(RECORDED INFORMATION Opens)

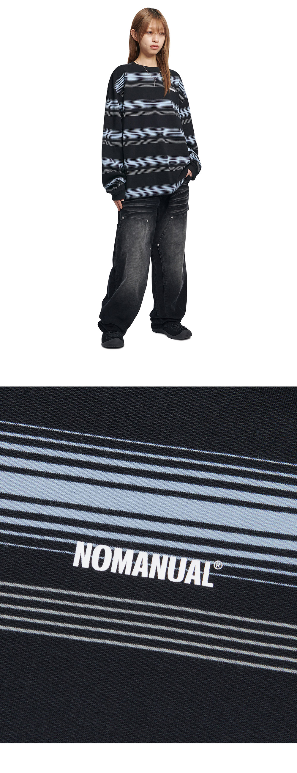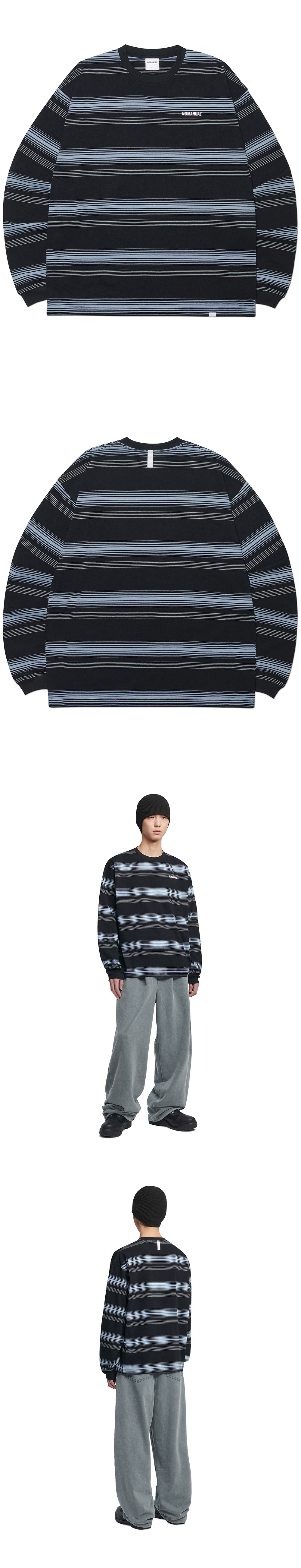 노매뉴얼 NM 스트라이프 롱 슬리브 티 블랙
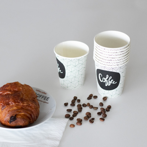 Nuestros vasos de papel de pared simple tienen una capacidad de 17 cL (15 cL útiles) hasta el tope. Son perfectos para disfrutar de bebidas calientes (café, té, chocolate, leche...) o frías (zumo de frutas, sopa fría, agua...). Gracias a su revestimiento interior, son 100% impermeables. Están decorados con modernos diseños geométricos en blanco y negro. Una vez utilizados, nuestros vasos de cartón blanco son reciclables.
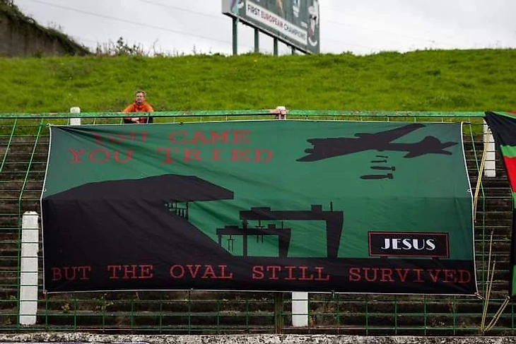 Не нон-лига, но тоже очень круто. Профессиональный фотограф Mike Bayly побывал в Северной Ирландии и поснимал знаменитый «Овал». Удивительно, но почти точная копия старого стадиона «Уиган Атлетик» времен нон-лиги – «Спрингфилд Парк».
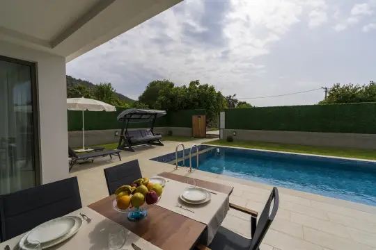 Taş mimariye sahip villa bünyesinde kapasiteye uygun mobilyalar, ihtiyacınız olan tüm araç-gereçleri barındıran Amerikan tarzda, modern mutfak ve 2 adet yatak odası mevcuttur. Konforunuz odaklı tasarlanan villanın tüm yatak odalarında özel kullanım banyo/wc bulunmaktadır. Villanın tam korunaklı havuz terası ve müstakil bahçesinde yine kapasiteye uygun şezlong ve şemsiye, oturma alanı, yemek masası ve barbekü alanı bulunmaktadır.
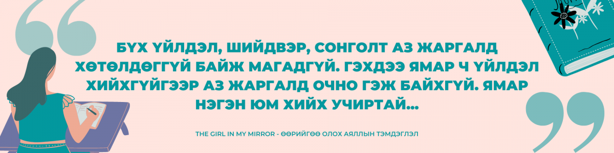 Таны түүхийн гол дүр болох өөрийгөө танихад туслах “The Girl in The Mirror- Өөрийгөө олох аяллын тэмдэглэл” номыг тоймлон хүргэе.
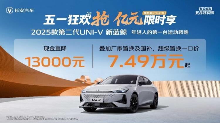 针对轿跑用户,在此次“五一狂欢抢、亿元限时享”活动期间,长安汽车针对UNI-V全系车型均推出了优惠政策,以2025款第二代UNI-V新蓝鲸为例,用户下订不仅立享13000元现金优惠,还有厂家补贴至高6000元、至高15000元国补、1599元享价值8888元终身基础保养(首任车主)、基础流量终身免费及增值流量3年免费(4G/月)、8万60期低息等福利,仅需7.49万元起的到手价,就能轻松拥有这辆集“最强动力、最安全车身、超高智能”等优点于一身的“最炫轿跑”!
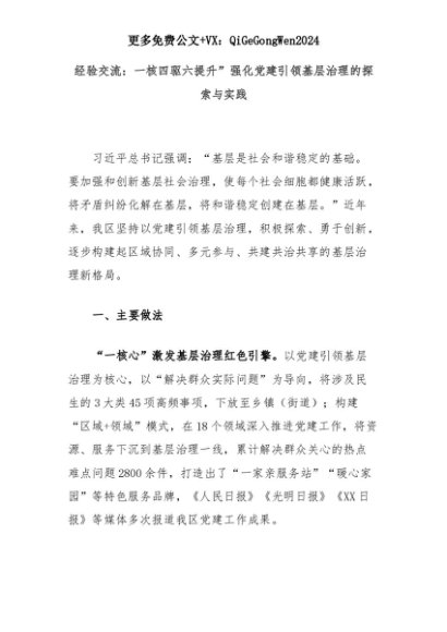 【七哥公文】2025年:经验交流:一核四驱六提升”强化党建引领基层治理的探索与实践+更多免费公文+VX:QiGeGongWen2024+更多免费公文+VX:QiGeGongWen2024
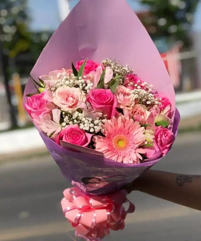 Un Regalo que Derrite el Corazón con su Delicadeza! 💐🌸 ¿Quieres sorprender a alguien especial con un regalo que sea una explosión de amor y ternura? Nuestro ramo de flores de color rosa es la opción perfecta. - Flores frescas y de alta calidad en tonos rosas suaves y delicados - Simbolizan amor, aprecio y gratitud - Arreglo único y personalizado para cada ocasión

(RECORDED INFORMATION Closes)

INSTRUCTIONS FOR THE TASK
The reply should hold an exact repeat of the entries from their opening line through the line with "Не нон-лига, но", and no pictures at all.

PROBLEM SOLUTION
 노매뉴얼 NM 스트라이프 롱 슬리브 티 블랙
 Nuestros vasos de papel de pared simple tienen una capacidad de 17 cL (15 cL útiles) hasta el tope. Son perfectos para disfrutar de bebidas calientes (café, té, chocolate, leche...) o frías (zumo de frutas, sopa fría, agua...). Gracias a su revestimiento interior, son 100% impermeables. Están decorados con modernos diseños geométricos en blanco y negro. Una vez utilizados, nuestros vasos de cartón blanco son reciclables.
 Не нон-лига, но тоже очень круто. Профессиональный фотограф Mike Bayly побывал в Северной Ирландии и поснимал знаменитый «Овал». Удивительно, но почти точная копия старого стадиона «Уиган Атлетик» времен нон-лиги – «Спрингфилд Парк».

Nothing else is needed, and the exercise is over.